--- Source material Enclosed Below ---

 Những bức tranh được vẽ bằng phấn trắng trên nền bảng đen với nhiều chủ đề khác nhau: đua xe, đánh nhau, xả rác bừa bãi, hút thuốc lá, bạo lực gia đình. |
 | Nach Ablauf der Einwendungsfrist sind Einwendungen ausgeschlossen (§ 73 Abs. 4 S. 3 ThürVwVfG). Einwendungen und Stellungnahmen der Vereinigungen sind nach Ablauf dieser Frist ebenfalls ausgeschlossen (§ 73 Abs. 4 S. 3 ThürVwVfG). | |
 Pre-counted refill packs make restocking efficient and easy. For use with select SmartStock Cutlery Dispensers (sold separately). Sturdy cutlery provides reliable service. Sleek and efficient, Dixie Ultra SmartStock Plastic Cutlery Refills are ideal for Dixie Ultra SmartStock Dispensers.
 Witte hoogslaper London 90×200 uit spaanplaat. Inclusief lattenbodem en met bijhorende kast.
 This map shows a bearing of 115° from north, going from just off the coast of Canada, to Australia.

--- End of Enclosed Source material ---
--- Source material Enclosed Below ---

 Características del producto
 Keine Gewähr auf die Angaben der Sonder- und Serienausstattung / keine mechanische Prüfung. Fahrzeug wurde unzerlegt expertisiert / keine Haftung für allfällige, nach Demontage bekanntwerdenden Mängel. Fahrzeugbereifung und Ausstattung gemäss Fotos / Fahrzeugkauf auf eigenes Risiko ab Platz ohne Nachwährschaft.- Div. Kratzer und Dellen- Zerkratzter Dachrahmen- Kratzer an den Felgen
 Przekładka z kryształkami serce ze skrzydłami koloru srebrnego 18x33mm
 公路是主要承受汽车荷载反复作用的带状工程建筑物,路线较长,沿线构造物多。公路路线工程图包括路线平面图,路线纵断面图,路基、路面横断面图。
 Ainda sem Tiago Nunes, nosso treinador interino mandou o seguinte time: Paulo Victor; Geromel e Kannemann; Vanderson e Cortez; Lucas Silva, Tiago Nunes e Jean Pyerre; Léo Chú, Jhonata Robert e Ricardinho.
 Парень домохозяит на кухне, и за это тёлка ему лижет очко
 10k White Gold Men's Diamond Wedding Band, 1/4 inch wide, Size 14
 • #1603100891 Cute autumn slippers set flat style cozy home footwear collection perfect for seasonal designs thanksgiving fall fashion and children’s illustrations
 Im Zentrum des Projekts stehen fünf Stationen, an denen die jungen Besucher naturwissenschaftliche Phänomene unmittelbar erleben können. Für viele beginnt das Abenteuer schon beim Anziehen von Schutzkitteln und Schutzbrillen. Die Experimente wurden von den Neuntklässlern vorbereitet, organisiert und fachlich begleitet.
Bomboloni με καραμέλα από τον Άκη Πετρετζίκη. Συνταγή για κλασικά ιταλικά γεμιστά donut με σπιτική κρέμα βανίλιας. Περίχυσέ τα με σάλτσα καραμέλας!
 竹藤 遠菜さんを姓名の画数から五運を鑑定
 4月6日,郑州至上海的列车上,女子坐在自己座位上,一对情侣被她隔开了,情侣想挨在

--- End of Enclosed Source material ---
--- Source material Enclosed Below ---

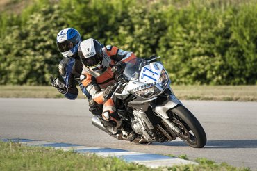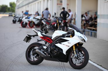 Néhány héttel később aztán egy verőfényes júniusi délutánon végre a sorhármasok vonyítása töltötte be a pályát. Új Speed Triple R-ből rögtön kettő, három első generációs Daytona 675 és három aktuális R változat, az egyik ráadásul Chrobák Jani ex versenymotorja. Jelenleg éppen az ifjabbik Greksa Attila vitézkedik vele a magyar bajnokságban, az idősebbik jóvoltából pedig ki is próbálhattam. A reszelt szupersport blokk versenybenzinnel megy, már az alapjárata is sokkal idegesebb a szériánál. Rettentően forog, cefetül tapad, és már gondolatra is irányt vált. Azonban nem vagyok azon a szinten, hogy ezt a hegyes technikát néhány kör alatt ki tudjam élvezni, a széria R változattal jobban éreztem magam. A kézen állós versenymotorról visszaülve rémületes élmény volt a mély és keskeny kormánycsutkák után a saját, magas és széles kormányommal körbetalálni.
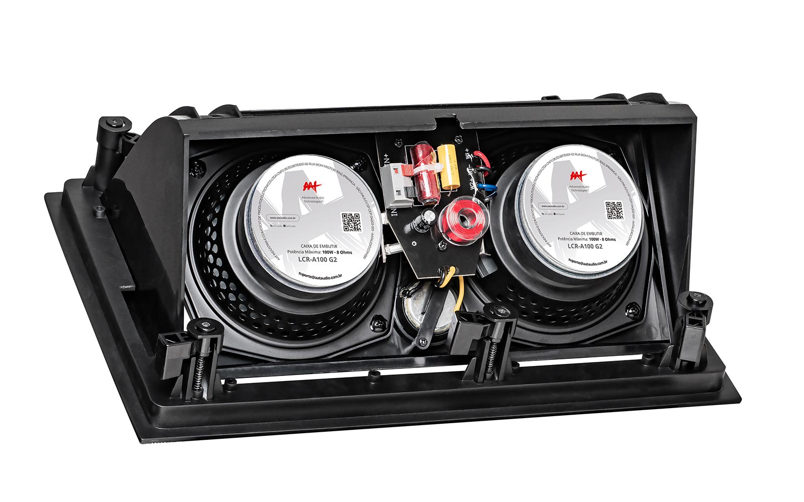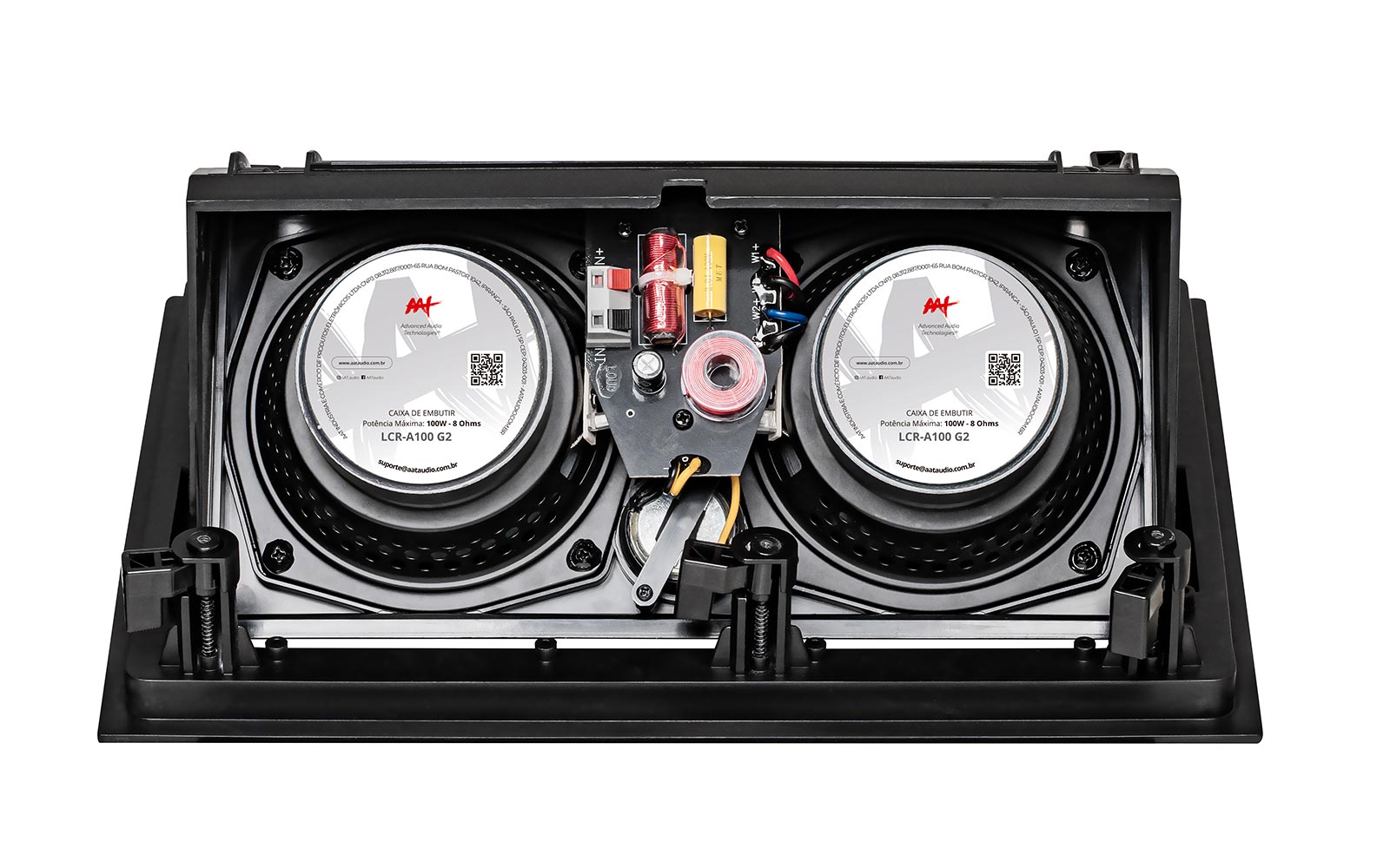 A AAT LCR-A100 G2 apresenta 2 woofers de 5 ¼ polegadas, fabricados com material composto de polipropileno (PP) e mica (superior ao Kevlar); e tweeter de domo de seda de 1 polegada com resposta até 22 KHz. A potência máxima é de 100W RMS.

--- End of Enclosed Source material ---

> Work instructions:
Where a line of the data above includes the string "nach", pull it out.

> Solution for this task:
 | Nach Ablauf der Einwendungsfrist sind Einwendungen ausgeschlossen (§ 73 Abs. 4 S. 3 ThürVwVfG). Einwendungen und Stellungnahmen der Vereinigungen sind nach Ablauf dieser Frist ebenfalls ausgeschlossen (§ 73 Abs. 4 S. 3 ThürVwVfG). | |
 Keine Gewähr auf die Angaben der Sonder- und Serienausstattung / keine mechanische Prüfung. Fahrzeug wurde unzerlegt expertisiert / keine Haftung für allfällige, nach Demontage bekanntwerdenden Mängel. Fahrzeugbereifung und Ausstattung gemäss Fotos / Fahrzeugkauf auf eigenes Risiko ab Platz ohne Nachwährschaft.- Div. Kratzer und Dellen- Zerkratzter Dachrahmen- Kratzer an den Felgen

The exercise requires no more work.